Kaggle serves as a wonderful host to Data Science and Machine Learning challenges. One of them is the Histopathologic Cancer Detection Challenge. In this challenge, we are provided with a dataset of images on which we are supposed to create an algorithm (it says algorithm and not explicitly a machine learning model, so if you are a genius with an alternate way to detect metastatic cancer in images; go for it!) to detect metastatic cancer.

This article serves as a guide on how to prepare Kaggle’s dataset and the guide covers the following 4 things:

How to download the dataset into your notebook from Kaggle
How to augment the dataset’s images
How to balance target distributions, and split the data for training/test/validation.
How to structure data for model training in Keras

Downloading the Dataset within a notebook

Download the kaggle package using the commands below. I ran them in Google’s Colab but you should just be able to do it using your command line/Jupyter Notebook.

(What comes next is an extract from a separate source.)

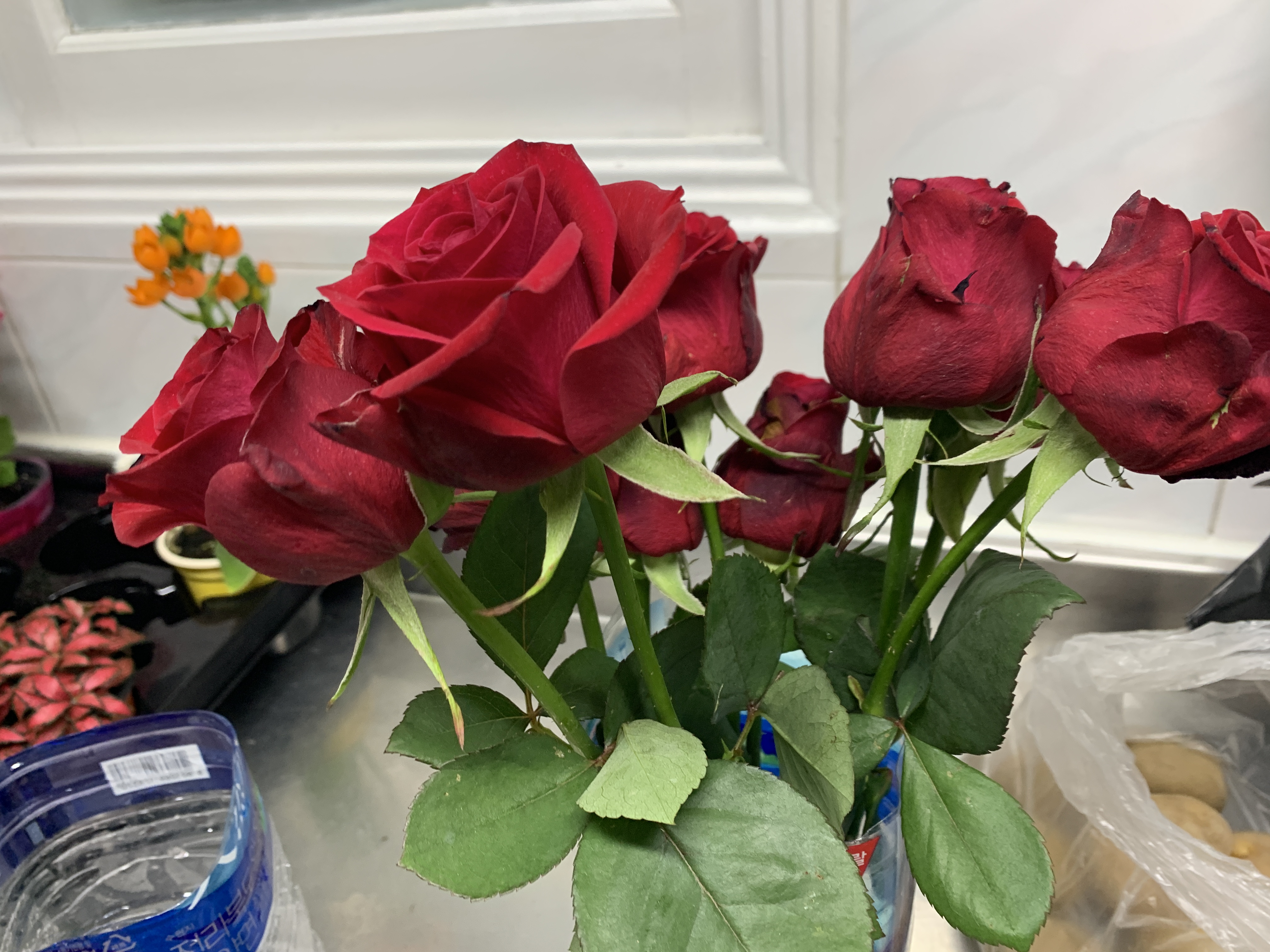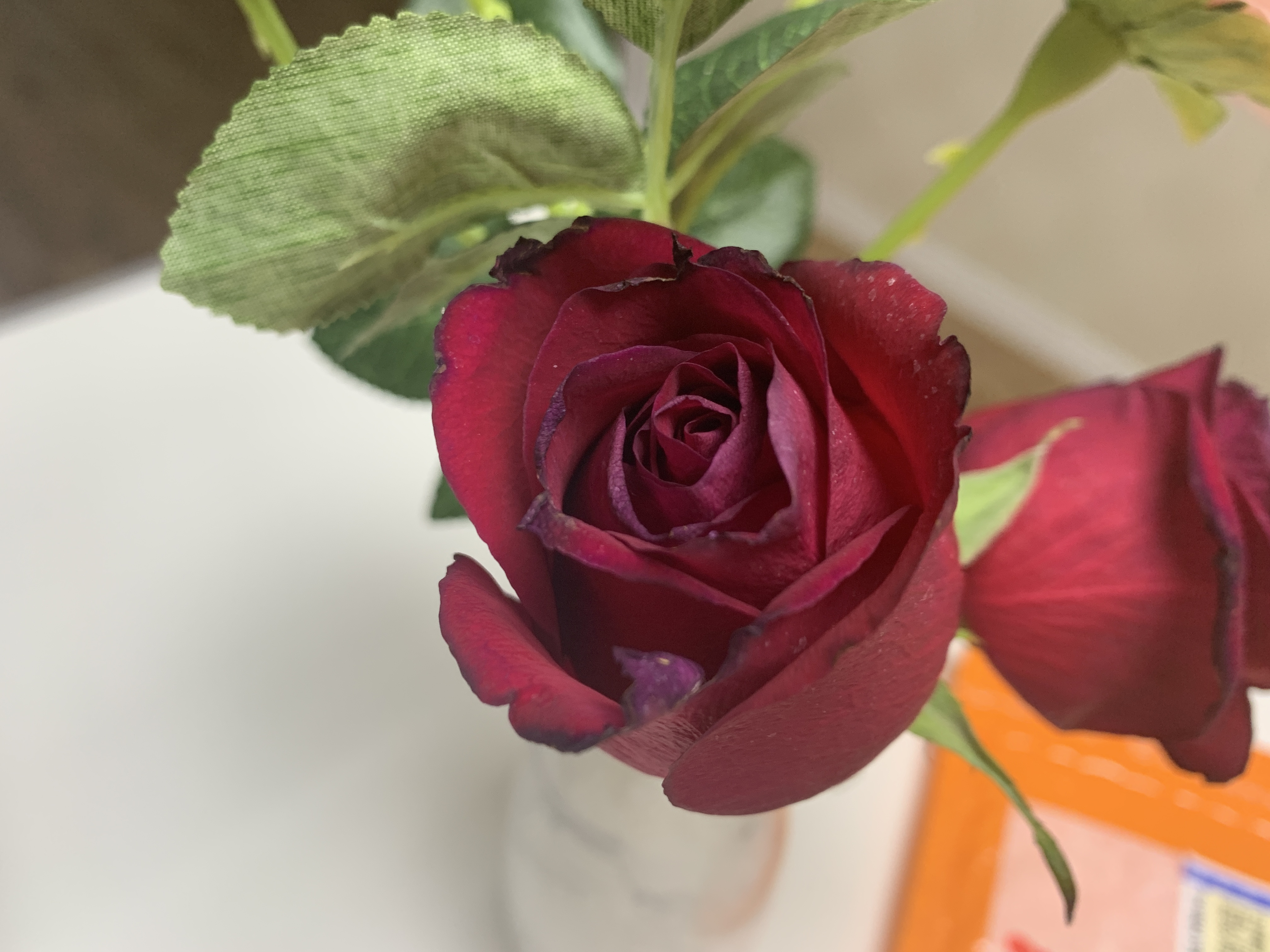몇일 시일이 좀 지난 상황인데요. 일부 장미는 여전히 싱싱하고 화사하게 피어있었지만 그 중에 반정도는 시들어가고 있기도 하고 꽃잎이 힘을 잃어가면서 색이 거무죽죽하게 변하는 느낌이 들더라고요. 사진상에서도 일부분 확인하실 수 있으실거예요.
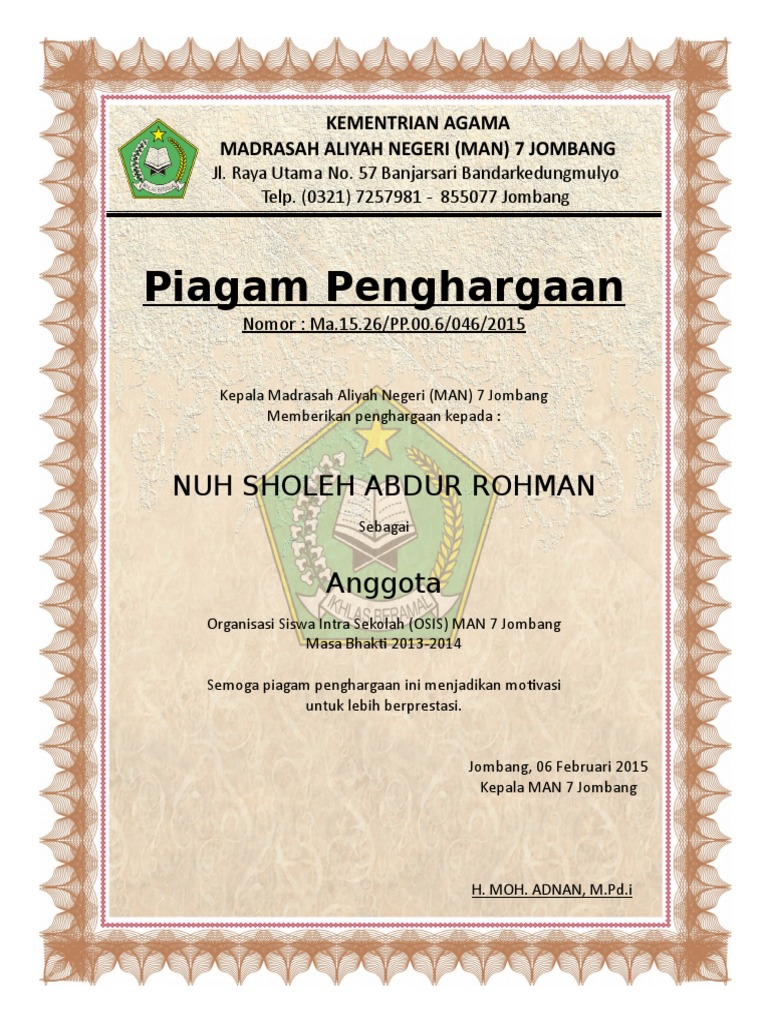 Contoh Piagam Penghargaan Pengurus Osis Beragam Informasi

## Install a kaggle package to download the dataset

! pip install -q kaggle
! pip install --upgrade --force-reinstall --no-deps kaggle

In order to use Kaggle’s API to download the data with your account, you need to do the following two things.

Go to your account settings, scroll to the API section, click **Expire API Token **to remove previous tokens (in case you have any) then click on Create New API Token. This will download a ‘kaggle.json’ file.
Upload this file to your project directory.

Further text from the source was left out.